3. Don't take everything so seriously.

She never articulates this point, but Amy is a comedian after all. In her writing you can definitely tell that she just has something in her that loves to laugh. One story that sticks out in my head is her talking about her terrible New York apartment and the one time she opened the curtains to see a man masturbating outside her window. She loved it. I definitely would have cried and called the police, but sometimes a situation can just be laughed at.

4. Famous people aren't as great as your friends.

She name drops, like, a lot. Why wouldn't she? She's met everyone I can think of (most importantly Chris Pratt), but her best stories and life lessons come from her memories with friends and loved ones.
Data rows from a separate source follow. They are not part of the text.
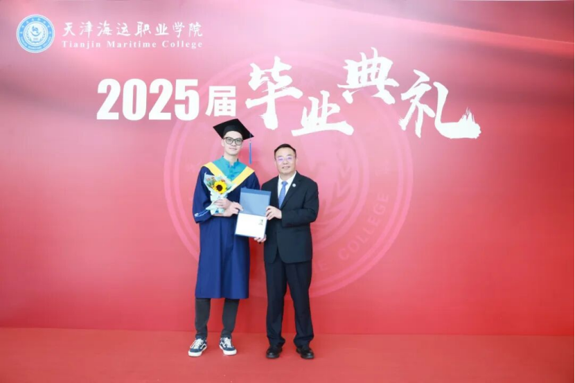 天津市大学生年度人物提名奖获得者、工程技术系理化测试与质检技术(无损检测技术)专业学生王铭鑫,邮轮旅游系旅游管理专业乌兹别克斯坦籍留学生王马克西姆晋平分别代表2025届毕业生、2025届留学生发言,他们细数了三年求学的难忘时刻,表达了对母校及老师的依依不舍和由衷谢意。尤其是王马克西姆晋平同学娓娓道来的“中国缘”“海运情”,以真实而生动的故事展示了学院国际化办学成效,让我们看到了“人类命运共同体”闪亮的青春注脚。
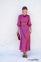 Vestido midi, escote redondo, manga francesa con puño, cut out delantero, goma en cintura trasera, falda evase. Estampado en tonos morados.
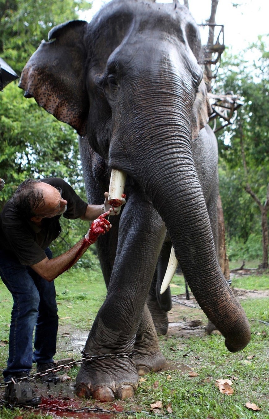 Chuyên gia của Vườn thú Rotterdam (Hà Lan) phẫu thuật cắt ngà bị thương để điều trị cho voi Thoong Ngân tại Vườn quốc gia Yok Đôn (Đắk Lắk, 16/7/2015). (Ảnh: Dương Giang/TTXVN)
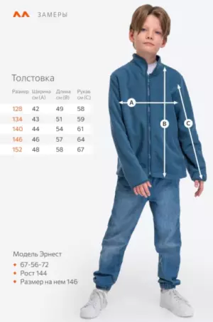 Модель Эрнест, рост 144 см, параметры 65-59-69 см, на нем размер 146.
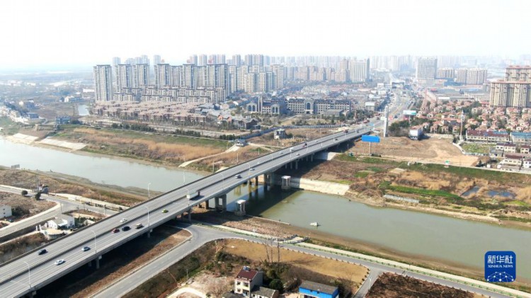 这是连接来安县汊河镇和南京市江北新区的汊河大桥(3月2日摄,无人机照片)。
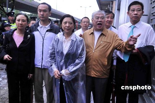 十一月三日,香港民建聯(lián)副主席蔣麗蕓(右三)及立法會議員黃定光(右二),與幾十名中小企的代表早上由遮打花園游行至政府總部,他們不滿銀行縮減信貸額,令營運資金緊絀,難以周轉。中新社發(fā) 譚達明 攝
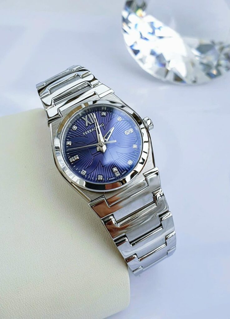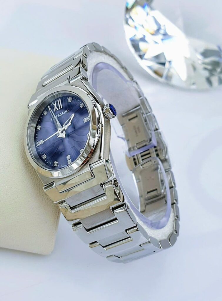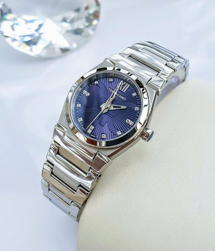 Đồng Hồ Salvatore Ferragamo Chính Hãng Nữ SFYG00823 Vega Ladies Blue-Tone Diamond Watch 28mm

When it comes down to it, the people in your life are the ones that are going to make it really great or really terrible. Maybe you're lucky and Tina Fey is both famous and your friend, but usually you just get the joy of the people who complain and laugh with you on a day-to-day basis instead of on a tv set. Chris Pratt doesn't know my sense of humor. He doesn't know what's going on in my life. What would he even be good for? (If Chris Pratt is reading this - this is all a lie. You're much better than all my friends. Hit me up.)

5. Kids are really great.

I'm only 20 so I'm not going to pretend like I'm ready for kids in any capacity, but people talk about having kids more than I think we realize. Tv shows and movies and friends talk about giving birth and raising small humans all the time. I think lately I've been watching stuff that highlights the bad - the sleeplessness, the responsibility, the loss of selfishness. I actually just read a paper about postpartum depression. Jeez. But Amy talks about her kids in a way that I think I've always secretly thought it would be like. She cuddles them and loves them and makes fun of them and watches them fight. The love I have for my mom is ridiculous, and the protective instinct I have for my little brother is also overwhelming sometimes. I can only imagine that having tiny humans that are half your DNA spike up those intense feelings even more. Who doesn't want that kind of unconditional love in their life?

6. Just do it.

A quote I'm thinking of right now is one that she mentions in passing, "remember, doing the thing is what's important, not the talking about the thing." There are so many apps and websites and self-help books that talk about all the things you can be doing. Here's a book on writing an amazing screenplay! An article on how to nail an interview! A website to track your book reading (I joined Goodreads today)! But nothing is going to happen unless you sit down and write a screenplay, schedule an interview, or sit down with a book. I think college is filled with a lot of people talking about doing the thing and only a small amount are really doing it. Just do the thing so you have something real to talk about.

7. I wish Amy Poehler was my mom.

My second mom. I love my mom, so if she was into women and were to marry one, I would just really want it to be Amy. She's full of so much vitality and humility. She doesn't let anyone boss her around or give her any shit. She figures people out and then takes a liking to them. She is open to a world of hard work, friendships and laughter. She's very similar to one of my biggest fictional role models, Leslie Knope; both of which have taught me so much about female friendships, taking care of yourself, and most of all just putting yourself out there and letting the world make opinions of you that you don't really care about. If it isn't obvious, I highly recommend Yes Please. Maybe you'll learn something from it.